On the Ad Fontes Media scale, outlets closer to -42 are very left-leaning, while those closer to +42 are very right-leaning. A score of 0 means neutral. USA Today's score of -3.77 is very close to neutral, showing they are one of the least polarized major news outlets.
Why Scores Matter
Media bias isn't just about who they endorse. It's about how they frame stories, which sources they use, what they highlight, and what they leave out. A low bias score means:
- They provide balanced coverage of both sides of an issue
- They use multiple sources, not just those that support their viewpoint
- They focus on facts rather than emotional language
- They don't consistently push one political agenda
Is USA Today a Republican newspaper? The short answer is no - and it never has been. But the question isn’t as simple as it sounds. People ask this because they’re trying to figure out where USA Today stands in today’s polarized media world. Is it biased? Is it fair? And why do some conservatives say it’s liberal while others think it’s just trying to stay neutral?
It started as a middle-ground paper
USA Today launched in 1982 with a clear mission: make national news easy to read for everyday Americans. Its founder, Al Neuharth, wanted to avoid the partisan shouting matches that dominated other papers.
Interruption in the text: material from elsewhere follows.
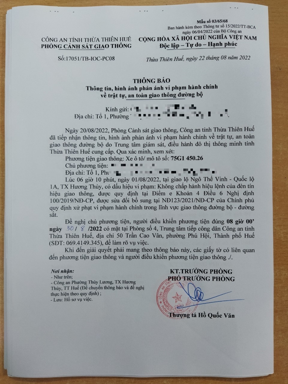 Vào lúc 06 giờ 10 phút, ngày 01/08/2022 Xe máy mang biển kiểm soát 75G145026 Không chấp hành hiệu lệnh của đèn tín hiệu giao thông tại địa điểm Ngô Thế Vinh - QL1A

So they made a bold rule - no presidential endorsements. Not for Reagan, not for Clinton, not for Bush. For 32 years, they stuck to that. That wasn’t because they were afraid to take a stand. It was because they believed their job was to report facts, not pick sides.
That approach worked. By the early 2000s, USA Today had become one of the most widely read newspapers in the U.S., with a mix of sports, business, and national news. Its audience wasn’t just Democrats or Republicans - it was independents. People who didn’t want to be preached to. People who just wanted to know what happened.
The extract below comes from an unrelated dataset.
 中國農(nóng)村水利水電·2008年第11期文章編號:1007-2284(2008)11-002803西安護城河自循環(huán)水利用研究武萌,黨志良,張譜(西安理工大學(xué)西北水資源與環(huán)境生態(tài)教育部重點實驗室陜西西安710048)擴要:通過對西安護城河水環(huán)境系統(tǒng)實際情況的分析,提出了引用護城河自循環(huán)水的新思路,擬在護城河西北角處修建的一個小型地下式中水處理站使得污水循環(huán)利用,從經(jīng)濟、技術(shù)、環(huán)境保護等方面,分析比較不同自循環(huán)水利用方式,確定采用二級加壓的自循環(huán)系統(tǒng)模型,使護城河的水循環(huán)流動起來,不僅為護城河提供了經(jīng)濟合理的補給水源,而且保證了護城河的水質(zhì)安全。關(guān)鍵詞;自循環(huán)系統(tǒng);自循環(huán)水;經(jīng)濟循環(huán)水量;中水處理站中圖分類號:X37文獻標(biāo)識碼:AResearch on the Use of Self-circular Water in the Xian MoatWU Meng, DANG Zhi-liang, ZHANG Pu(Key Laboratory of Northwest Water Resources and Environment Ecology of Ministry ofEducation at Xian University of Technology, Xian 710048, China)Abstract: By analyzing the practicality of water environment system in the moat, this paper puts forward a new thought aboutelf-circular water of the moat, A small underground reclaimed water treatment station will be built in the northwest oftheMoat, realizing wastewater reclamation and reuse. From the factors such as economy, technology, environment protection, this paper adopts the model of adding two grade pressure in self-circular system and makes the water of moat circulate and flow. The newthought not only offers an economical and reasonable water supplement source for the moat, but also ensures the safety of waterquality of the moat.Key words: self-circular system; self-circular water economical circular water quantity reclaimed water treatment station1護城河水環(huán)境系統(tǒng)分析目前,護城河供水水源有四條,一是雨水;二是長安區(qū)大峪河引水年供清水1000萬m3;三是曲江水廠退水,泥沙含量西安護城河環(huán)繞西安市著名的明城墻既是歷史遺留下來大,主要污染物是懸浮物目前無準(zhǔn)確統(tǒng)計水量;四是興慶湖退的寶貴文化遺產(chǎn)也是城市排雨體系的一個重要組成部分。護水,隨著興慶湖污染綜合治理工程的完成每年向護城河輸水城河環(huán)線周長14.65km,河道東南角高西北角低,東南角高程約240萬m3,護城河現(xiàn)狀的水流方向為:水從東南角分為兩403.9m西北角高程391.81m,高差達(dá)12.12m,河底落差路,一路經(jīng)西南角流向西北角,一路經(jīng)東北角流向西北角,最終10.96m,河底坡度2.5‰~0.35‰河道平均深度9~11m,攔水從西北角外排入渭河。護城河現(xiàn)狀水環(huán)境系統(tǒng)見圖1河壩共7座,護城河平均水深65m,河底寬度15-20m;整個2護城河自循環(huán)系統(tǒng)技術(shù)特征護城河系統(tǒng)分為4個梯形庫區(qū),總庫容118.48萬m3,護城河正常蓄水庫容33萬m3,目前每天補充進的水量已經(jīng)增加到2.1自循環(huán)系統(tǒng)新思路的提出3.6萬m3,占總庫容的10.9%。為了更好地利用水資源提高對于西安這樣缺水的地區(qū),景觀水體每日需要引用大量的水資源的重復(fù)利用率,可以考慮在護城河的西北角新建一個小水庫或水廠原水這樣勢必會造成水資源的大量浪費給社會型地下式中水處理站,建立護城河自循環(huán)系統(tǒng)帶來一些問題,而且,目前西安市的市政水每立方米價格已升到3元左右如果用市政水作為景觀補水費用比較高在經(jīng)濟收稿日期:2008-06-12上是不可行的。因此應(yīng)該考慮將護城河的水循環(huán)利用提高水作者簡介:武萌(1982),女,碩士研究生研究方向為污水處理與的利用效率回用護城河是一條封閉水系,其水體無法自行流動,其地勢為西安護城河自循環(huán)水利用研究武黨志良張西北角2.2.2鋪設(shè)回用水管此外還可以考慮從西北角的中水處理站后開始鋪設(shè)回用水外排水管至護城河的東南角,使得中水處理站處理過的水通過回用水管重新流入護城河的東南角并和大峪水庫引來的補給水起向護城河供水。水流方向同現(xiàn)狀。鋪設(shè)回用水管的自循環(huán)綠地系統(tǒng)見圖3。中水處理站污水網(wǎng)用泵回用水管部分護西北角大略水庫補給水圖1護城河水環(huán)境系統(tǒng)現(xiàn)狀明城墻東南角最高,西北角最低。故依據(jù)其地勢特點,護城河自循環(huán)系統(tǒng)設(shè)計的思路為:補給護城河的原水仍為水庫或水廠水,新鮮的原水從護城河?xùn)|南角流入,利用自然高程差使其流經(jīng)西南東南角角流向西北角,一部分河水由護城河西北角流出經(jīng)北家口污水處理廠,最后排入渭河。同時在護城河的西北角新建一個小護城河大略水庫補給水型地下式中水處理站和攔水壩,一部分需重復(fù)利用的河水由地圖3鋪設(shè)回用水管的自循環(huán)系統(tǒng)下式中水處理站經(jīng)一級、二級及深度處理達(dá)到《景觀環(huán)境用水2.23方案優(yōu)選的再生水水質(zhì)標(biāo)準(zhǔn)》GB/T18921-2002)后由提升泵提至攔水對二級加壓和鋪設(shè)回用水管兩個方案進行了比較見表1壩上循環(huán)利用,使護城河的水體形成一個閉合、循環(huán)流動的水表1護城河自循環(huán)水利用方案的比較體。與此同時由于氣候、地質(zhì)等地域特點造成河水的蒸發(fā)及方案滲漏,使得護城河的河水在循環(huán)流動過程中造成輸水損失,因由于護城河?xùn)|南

Everything changed in 2016
In September 2016, USA Today broke its own rule. The editorial board published a rare, blunt op-ed titled “Donald Trump is unfit for the presidency.” They didn’t endorse Hillary Clinton. They didn’t even say who to vote for. They just said Trump was dangerous. It was the first time in their history they’d publicly condemned a candidate like that.
Why? Because they believed the campaign had crossed a line. The language, the attacks, the disregard for norms - it wasn’t politics as usual. The board said they’d spent years debating this. They’d voted multiple times to keep the no-endorsement policy. But in 2016, they felt they had no choice.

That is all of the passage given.